# What the task asks
Retype the listing exactly, minus its pictures.

═════ Dataset

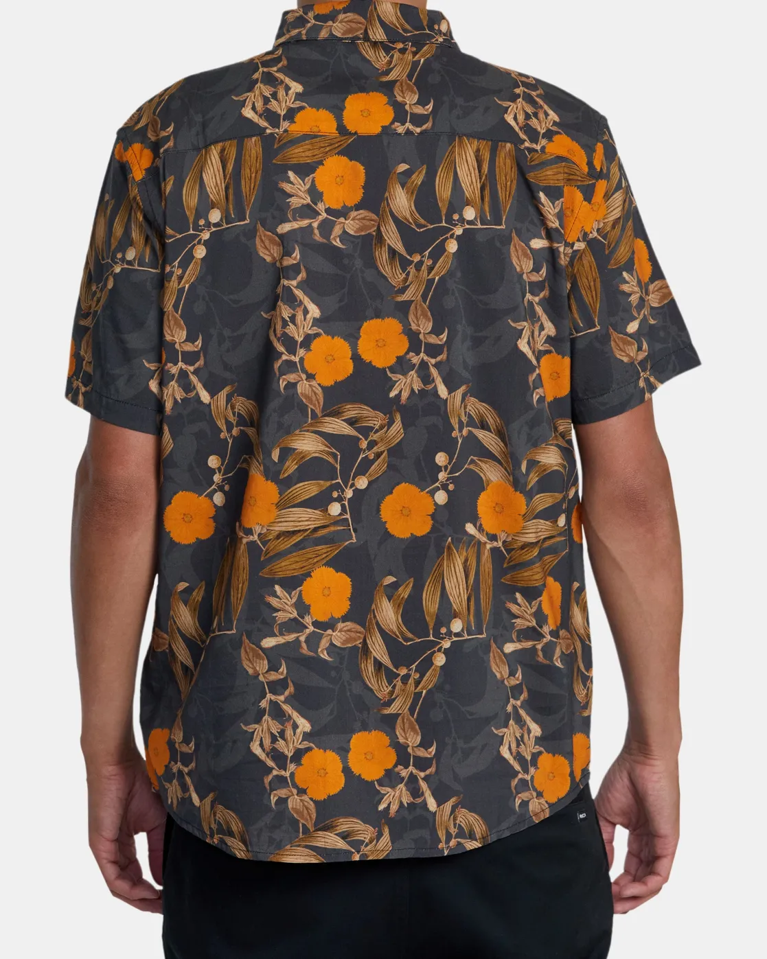 Experience easy summer style with RVCA’s Botanical printed short-sleeve woven shirt. Made from a premium blend of cotton and viscose to keep it feeling soft and light, this regular-fit shirt features a classic collar, a single chest pocket, and a scalloped hem. Featured here in the Black colorway.
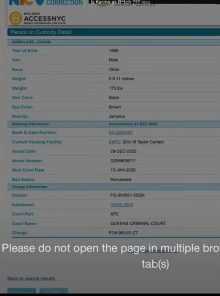 The day after his arrest, Markland was reportedly brought before the Queens Criminal Court, according to the public records on the New York State Unified Court System. During that appearance, he was ordered held on remand with bail, with a follow-up court date set for January 13, 2026. He did not secure a bond until late January.
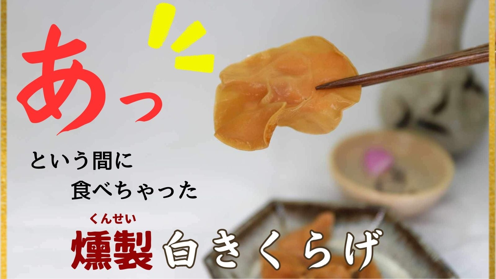 醤油に漬け込み燻製にしていますので、真っ白ではありませんが、キクラゲの大きな特徴であるコリコリ食感も出来るだけ残るように仕上げていますので、まるで生のキクラゲを食べているようです。
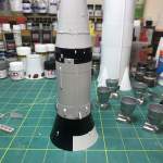 I started by masking the S-IVB and S-IVB interstage. I’m not going to mask all the small antennas on the IU. I’ll paint them individually after the black goes on. The S-IVB interstage has a couple of sections of black/white that are divided by a horizontal line. I’m using Tamiya flexible tape for that. It can follow a gentle curve without making creases in the tape.
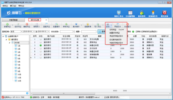 ????紅管家出納記賬軟件標準版和專業版在新增保存日記賬憑證后都可以直接打印憑證,軟件還支持批量打印憑證,如果您每天錄單數量較多,為了節省寶貴時間提高工作效率,您可以使用批量打印功能。下面我們介紹一下在紅管家出納記賬軟件專業版中批量打印銀行日記賬憑證的具體的操作步驟。
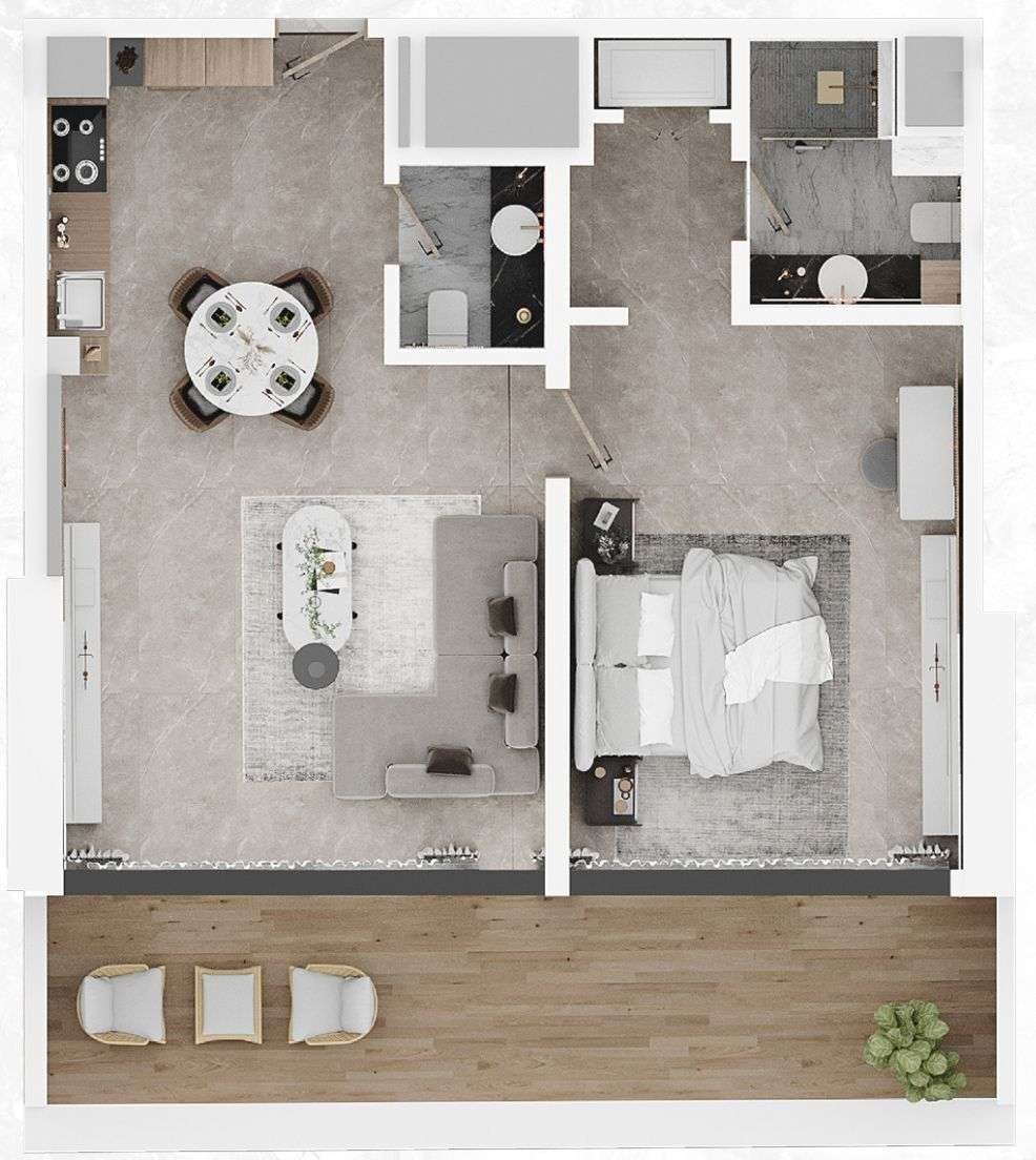 Willkommen in Ihrem neuen Zuhause! Betreten Sie die geräumige 1 Schlafzimmer-Wohnung und lassen Sie sich von dem modernen und hochwertigen Design begeistern. Die voll ausgestattete Küche lädt zum Kochen und Genießen ein. Der Balkon bietet einen herrlichen Ausblick und lädt zum Entspannen ein. Die bodentiefen Fenster über die ganze Front sorgen für eine lichtdurchflutete Atmosphäre. Das Badezimmer verfügt über eine luxuriöse Regendusche, perfekt für erholsame Stunden. Die eleganten Fliesen verleihen der Wohnung einen edlen und stilvollen Touch. Hier können Sie Wohnkomfort auf höchstem Niveau erleben.

══════════

# Result below
 Experience easy summer style with RVCA’s Botanical printed short-sleeve woven shirt. Made from a premium blend of cotton and viscose to keep it feeling soft and light, this regular-fit shirt features a classic collar, a single chest pocket, and a scalloped hem. Featured here in the Black colorway.
 The day after his arrest, Markland was reportedly brought before the Queens Criminal Court, according to the public records on the New York State Unified Court System. During that appearance, he was ordered held on remand with bail, with a follow-up court date set for January 13, 2026. He did not secure a bond until late January.
 醤油に漬け込み燻製にしていますので、真っ白ではありませんが、キクラゲの大きな特徴であるコリコリ食感も出来るだけ残るように仕上げていますので、まるで生のキクラゲを食べているようです。
 I started by masking the S-IVB and S-IVB interstage. I’m not going to mask all the small antennas on the IU. I’ll paint them individually after the black goes on. The S-IVB interstage has a couple of sections of black/white that are divided by a horizontal line. I’m using Tamiya flexible tape for that. It can follow a gentle curve without making creases in the tape.
 ????紅管家出納記賬軟件標準版和專業版在新增保存日記賬憑證后都可以直接打印憑證,軟件還支持批量打印憑證,如果您每天錄單數量較多,為了節省寶貴時間提高工作效率,您可以使用批量打印功能。下面我們介紹一下在紅管家出納記賬軟件專業版中批量打印銀行日記賬憑證的具體的操作步驟。
 Willkommen in Ihrem neuen Zuhause! Betreten Sie die geräumige 1 Schlafzimmer-Wohnung und lassen Sie sich von dem modernen und hochwertigen Design begeistern. Die voll ausgestattete Küche lädt zum Kochen und Genießen ein. Der Balkon bietet einen herrlichen Ausblick und lädt zum Entspannen ein. Die bodentiefen Fenster über die ganze Front sorgen für eine lichtdurchflutete Atmosphäre. Das Badezimmer verfügt über eine luxuriöse Regendusche, perfekt für erholsame Stunden. Die eleganten Fliesen verleihen der Wohnung einen edlen und stilvollen Touch. Hier können Sie Wohnkomfort auf höchstem Niveau erleben.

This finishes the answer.